Dellin Betances followed Warren with three hitless innings. David Phelps — who was supposed to start this game before his wife went into labor — has pitched 7.2 innings without an earned run this spring. D.J. Mitchell has a 0.89 WHIP and 1.00 ERA. The Yankees upper-level pitching prospects have each made strong impressions this spring, suggesting they’re more than capable of filling a hole should this overflowing rotation need a spot starter or two.
“I’m not going to worry about who’s ahead of me or how people are doing,” Warren said. “I just want to focus on myself and not get caught up in everything else. I feel like, I take care of my business and things will take care of themselves.”
• Tonight’s game ended in a tie because Girardi had run out of pitchers who he actually planned on pitching in this game.

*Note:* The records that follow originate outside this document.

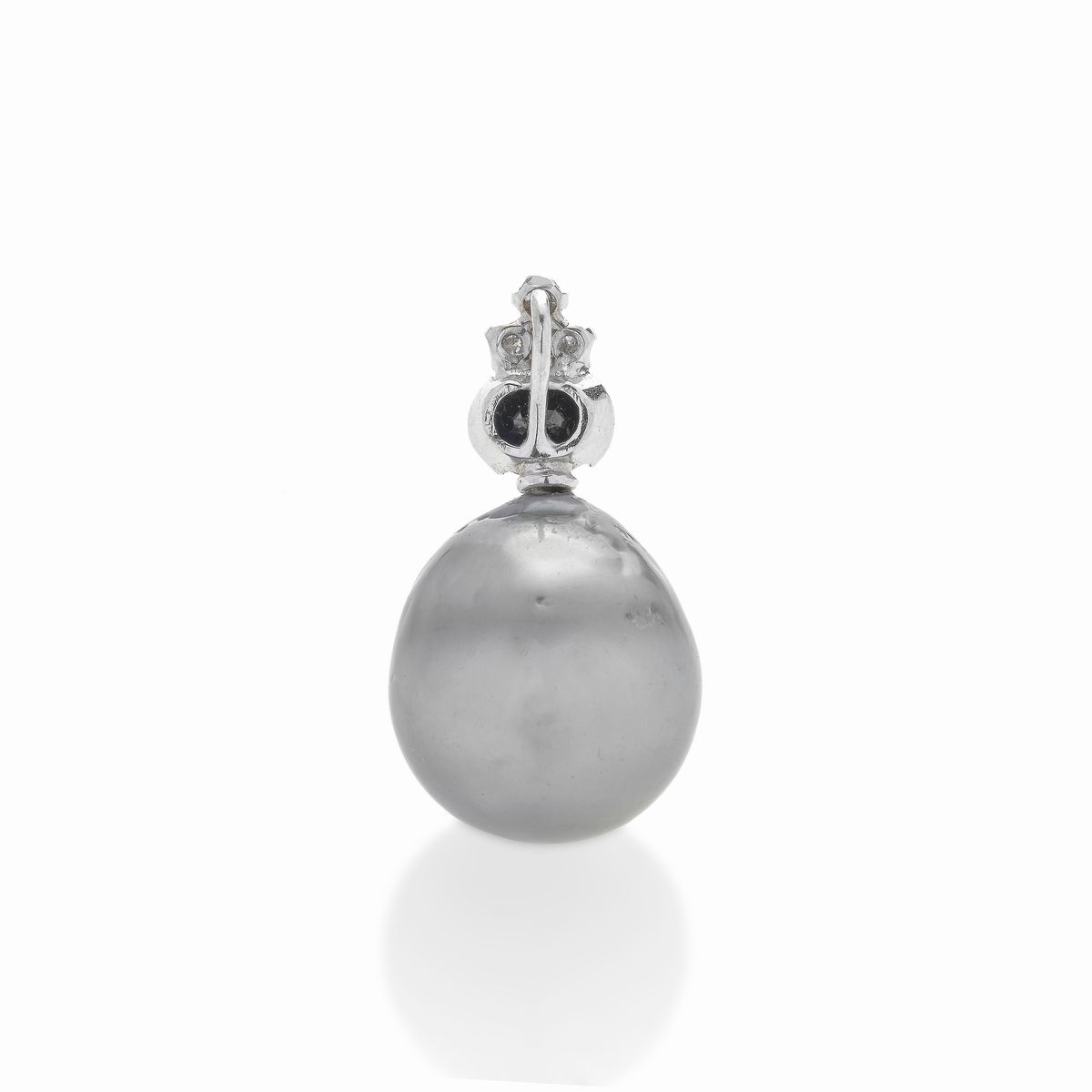 MATERIAL: white gold, Tahiti pearl, diamonds and sapphire DESCRIPTION: made with an oval-cut sapphire embellished with a trefoil motif, surmounted by a large Tahiti pearl with a slightly irregular shape MEASUREMENTS: pearl cm 1.5x1.7, pendant cm 1.5x2.8 WEIGHT: gr 6
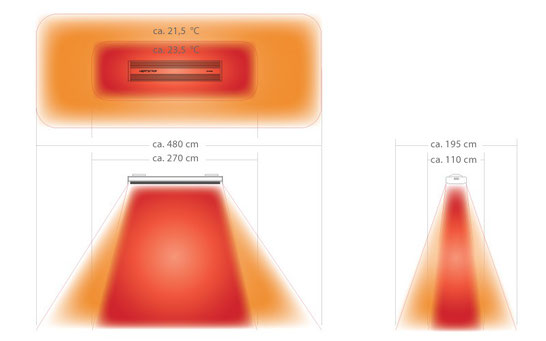 Bei einem Infrarotstrahler ist das Besondere, dass alle in der Neigung angestrahlten Gegenstände und Personen erwärmt werden. Die Wärmestrahlen sind nicht sichtbar und auch der Wärmestrahler verfärbt sich nicht rot. Bei einem Heizstrahler mit 1800 Watt Leistung ist es möglich bei 2.20 m Montagehöhe bis zu 8 Grad Temperaturunterschied zu erzielen.
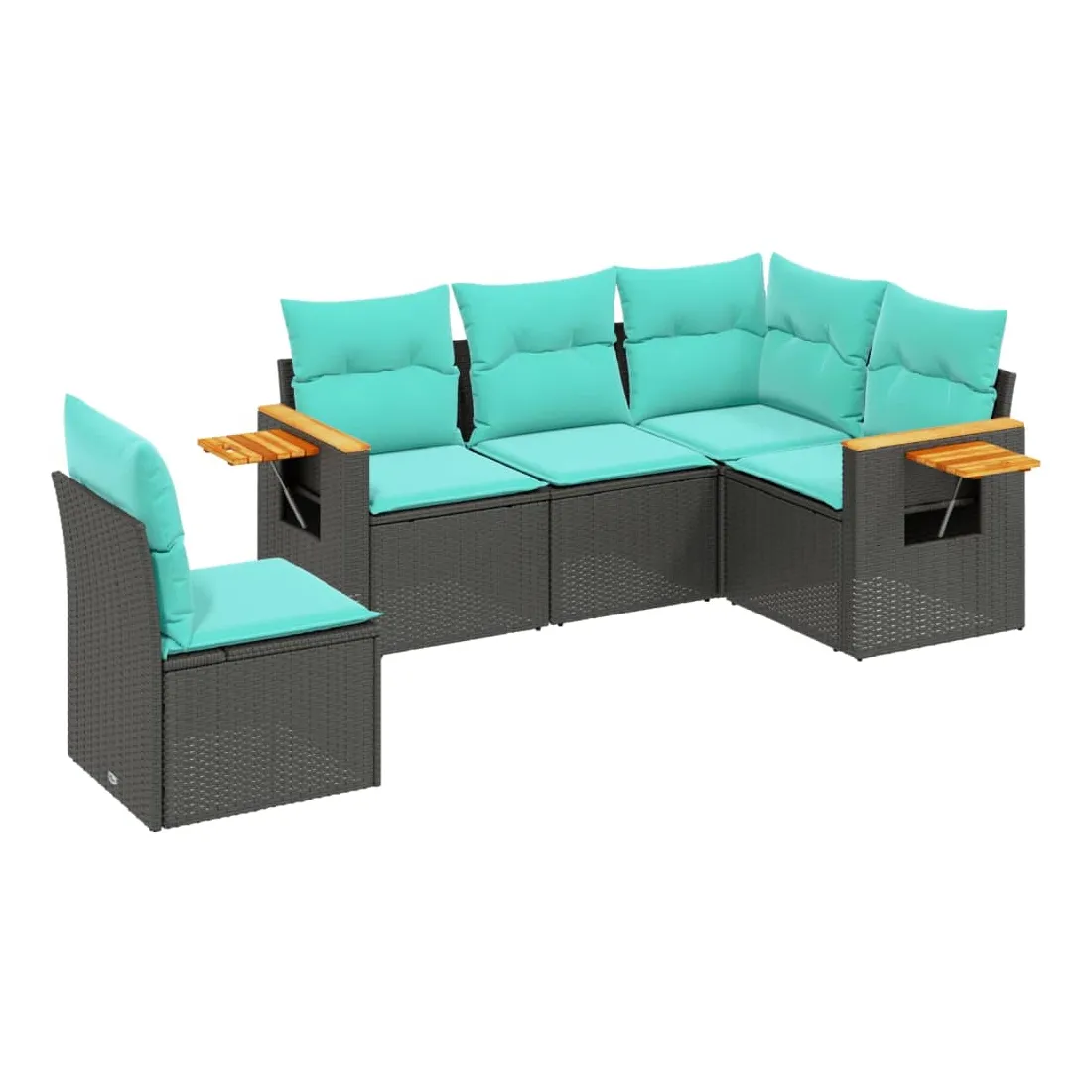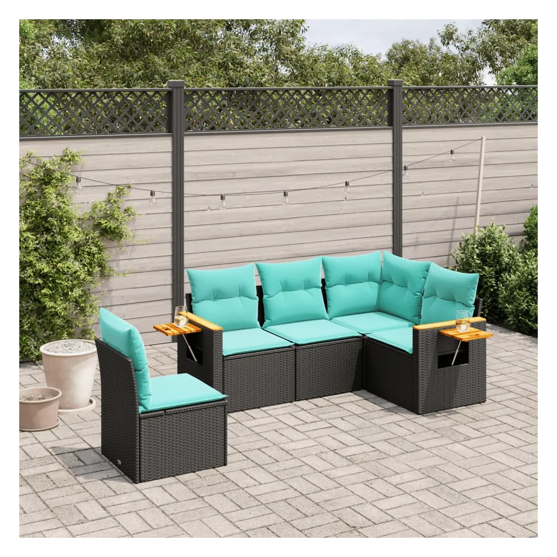 Salon de jardin 5 pcs avec coussins noir résine tressée

The Yankees had extra lower-level pitchers on the trip, but it seems Girardi didn’t want to use them. “I just said, that’s it,” Girardi said.
• Bobby Valentine wasn’t happy with Girardi for calling the game before it could go into the 10th inning. It is odd that Girardi had extra pitchers on the travel roster but chose not to use them. He said that he was worried about tomorrow’s doubleheader. “We’ve got a long day tomorrow too,” he said. “We need pitching.”
• One seemingly available pitcher was D.J. Mitchell, but the Yankees had him throw a side when it seemed there wouldn’t be enough innings for him to pitch. “We have a responsibility to build him up too,” Girardi said.
• Turns out CC Sabathia was hit in the shin by a comebacker this afternoon, but that was in the first inning and Sabathia stayed in to pitch five more innings. Sounds like he’s fine. Girardi’s not concerned.
• Raul Ibanez had another 0-for-3 and his average dropped to .054 this spring. “I’m just worried about us staying healthy down here right now,” Brian Cashman said. “Veterans like him, I’m certainly not going to make any judgments on.”
• Cashman said there are no real concerns about any of the nagging injuries (Jeter, Swisher, etc) in Yankees camp. Girardi said Derek Jeter came through today’s workout just fine and plans to play tomorrow.
• He’s pretty far down the depth chart, but Doug Bernier is really having a nice spring. He had two more hits today, including a two-run single. He also made a nice play up the middle in the fourth inning. He’s hitting .364.
• Rough day for Cory Wade who let the Red Sox back in the game with four hits and three earned runs in the eighth inning. Wade got only two outs in the inning before Juan Cedeno finished it.
• RBI triple for Curtis Granderson, who continues to have a terrific spring. … Brett Gardner, Andruw Jones and Eric Chavez each had a hit in this game, but none of those three is hitting better than .194 this spring. … Jose Gil is batting .571 after his 1-for-3 night, and Gustavo Molina is batting .545 after his 1-for-1. Neither has a lot of at-bats.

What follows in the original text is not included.